FrontierSmith: Synthesizing Open-Ended Coding Problems at Scale

We release FrontierSmith, a system that converts closed-ended coding problems into open-ended optimization tasks for training long-horizon coding agents.

TL;DR. We are releasing FrontierSmith, a system for synthesizing open-ended coding problems at scale. Starting from closed-ended programming tasks, FrontierSmith produces optimization-style problems with continuous scores, filters them for real solution diversity, and builds runnable training environments. In our experiments, models trained on FrontierSmith data can outperform models trained on human-curated open-ended data, and the resulting tasks elicit genuinely long-horizon agent behavior.

The Data Bottleneck

Code agents are getting very good at repetitive software work. Across research labs and startups, the next important question is increasingly about whether AI can solve open-ended optimization problems that matter in the real world: chip placement and routing, logistics, power-grid scheduling, database tuning, kernel optimization, and many others.

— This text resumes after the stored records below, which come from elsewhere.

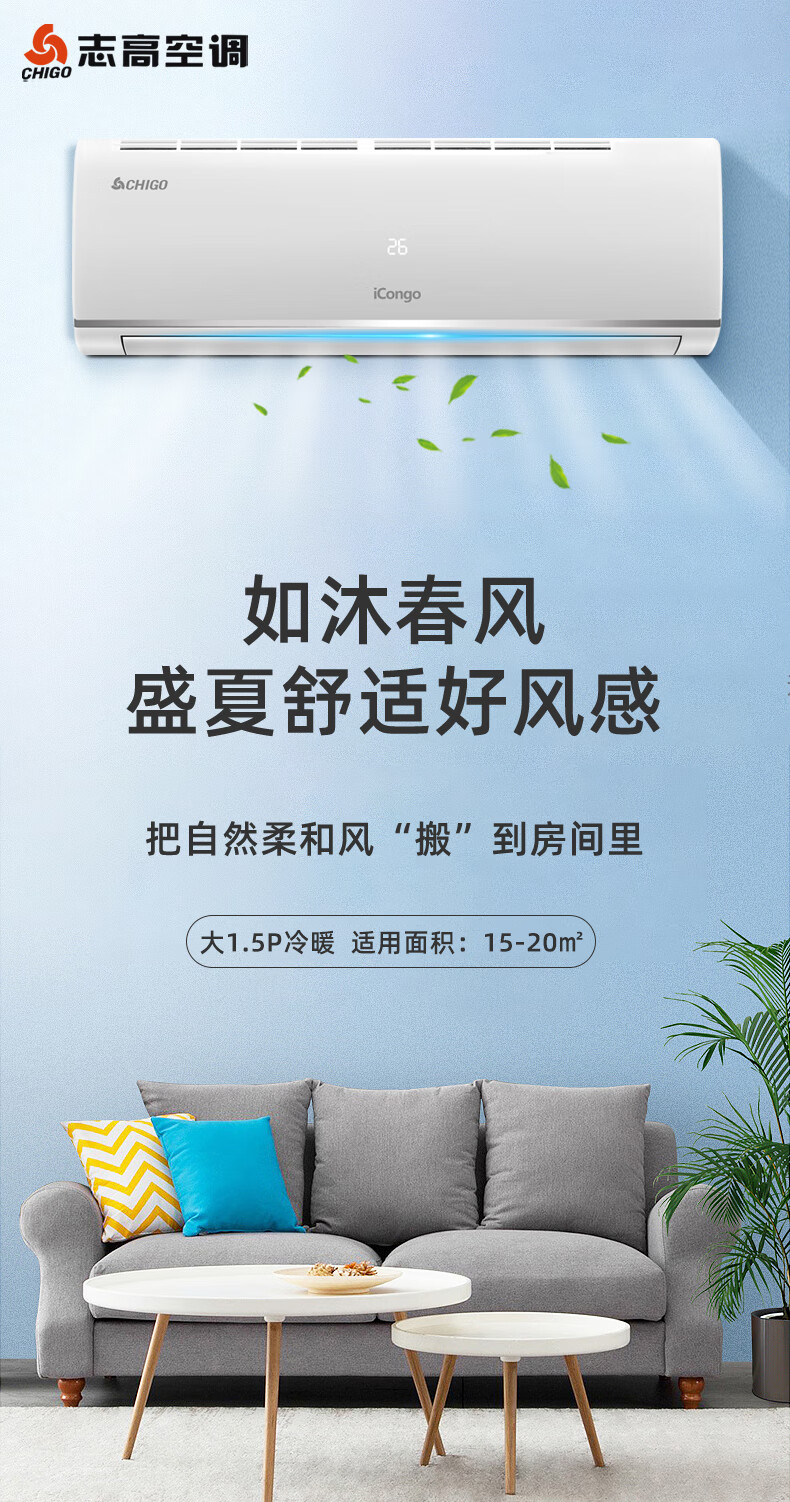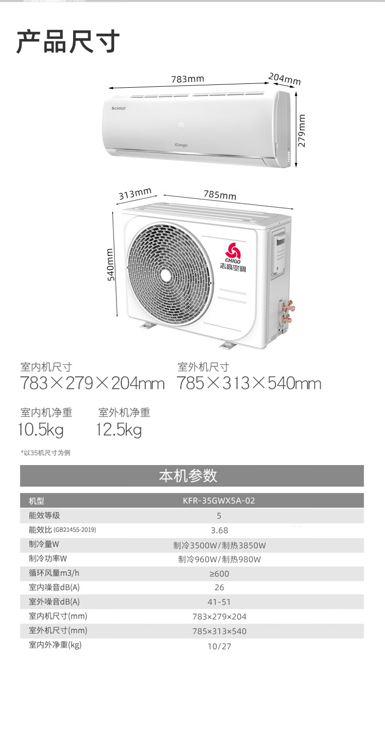 志高(CHIGO)KFR-25GW/KFR-35GW X5A-02 空调挂机5级定频冷暖定频家用卧室壁挂式节能轻音
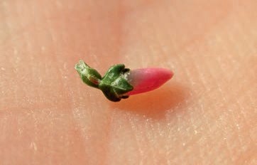 Hier sind der geschlossene violette Kelch und der grüne Außenkelch gut zu erkennen.
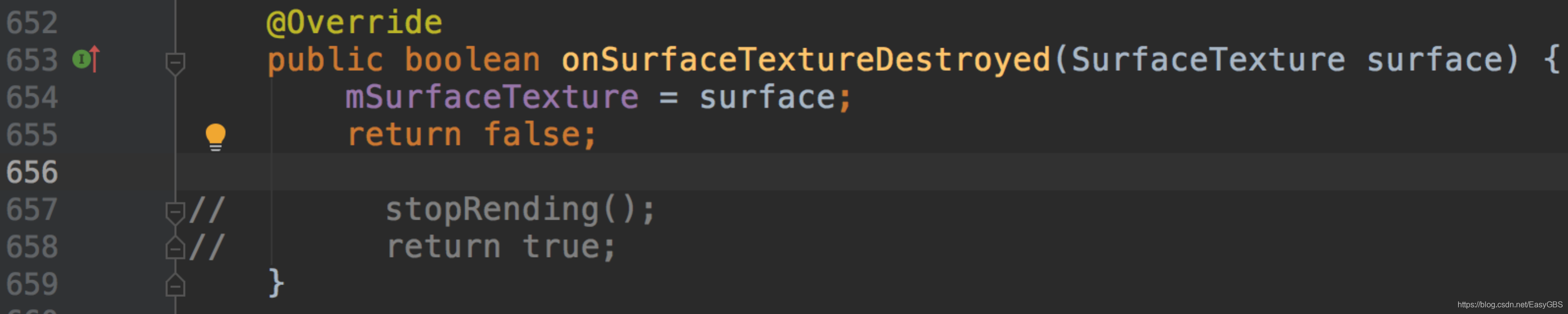Android播放视频返回后台,再重新回到播放界面,发现TextureView显示视图是一片黑色,是因为播放界面返回后台时会调用onSurfaceTextureDestroyed方法去销毁SurfaceView(华为平板熄屏后也会调用),再到播放界面需要重新创建SurfaceView并初始化EasyPlayerClient,这样会耗费很长时间。
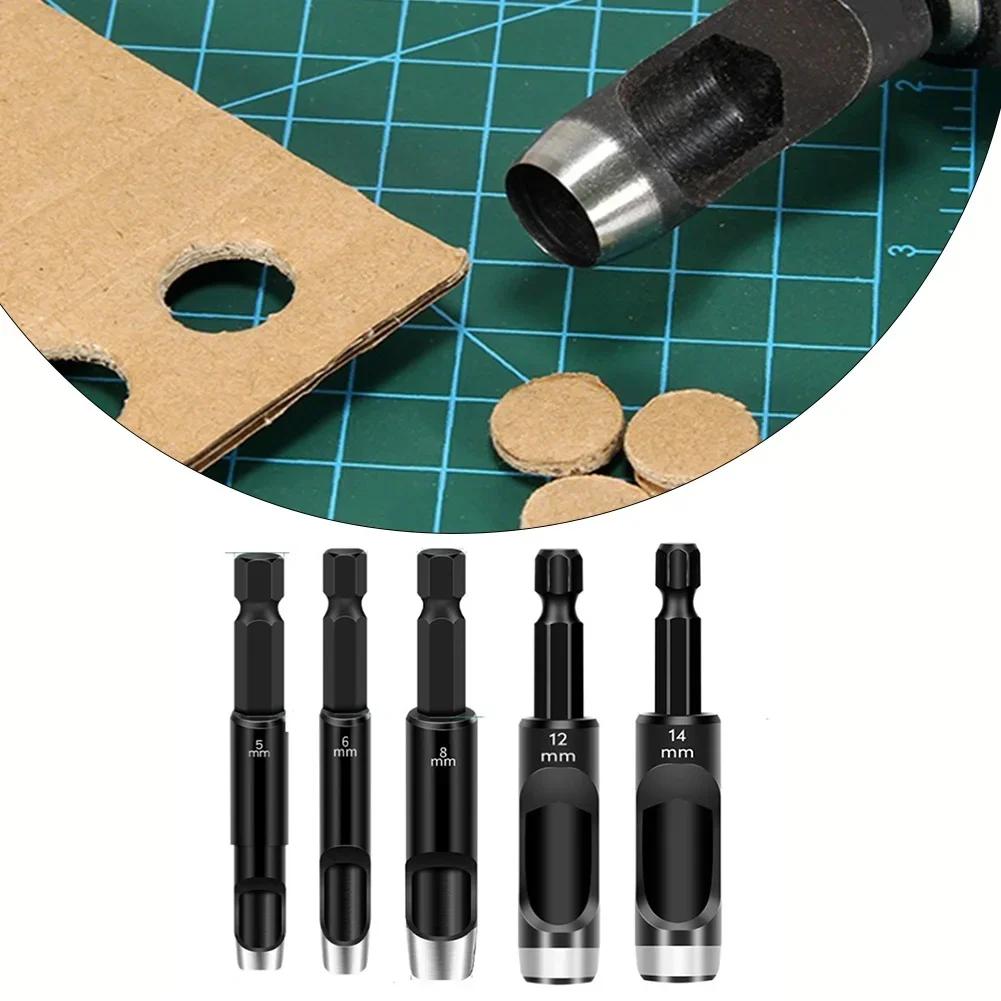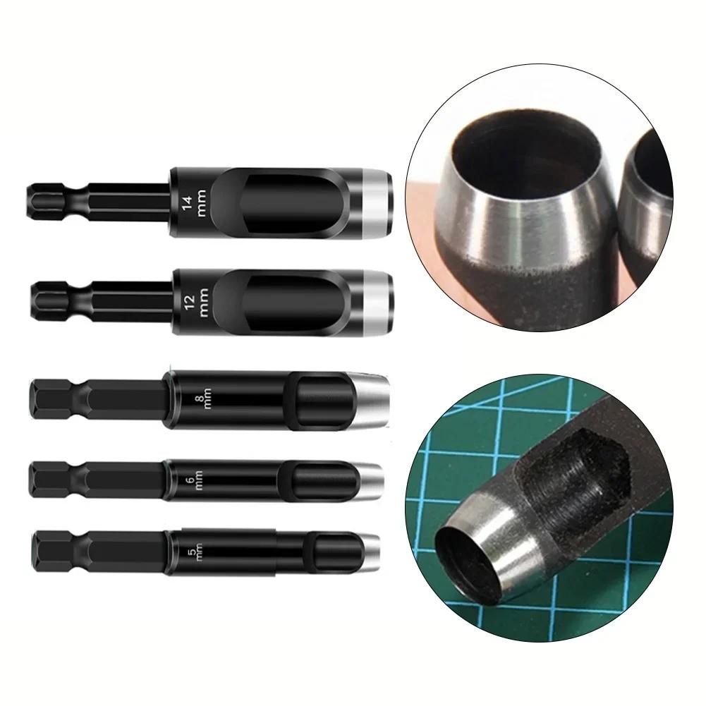 5 шт. Дырокол для кожи, полый дырокол с шестигранным хвостовиком, инструмент для пробивки отверстий 5/6/8/12/14 мм, самодельный дырокол для часов и ремня, ручной дырокол

But our previous FrontierCS on Harbor blog showed a clear weakness. Today’s code agents are much less reliable in long-horizon, open-ended optimization than they are on traditional contest or math-style tasks.

We think a major reason is data.

Classic RLVR settings have huge amounts of high-quality training data. Competitive programming alone has more than 100,000 public problems, and the broader coding-data industry is continuously producing more. By contrast, if we add together open-ended optimization benchmarks such as FrontierCS, ALE-bench, KernelBench, and the recent MLS-Bench, we still only get hundreds of tasks.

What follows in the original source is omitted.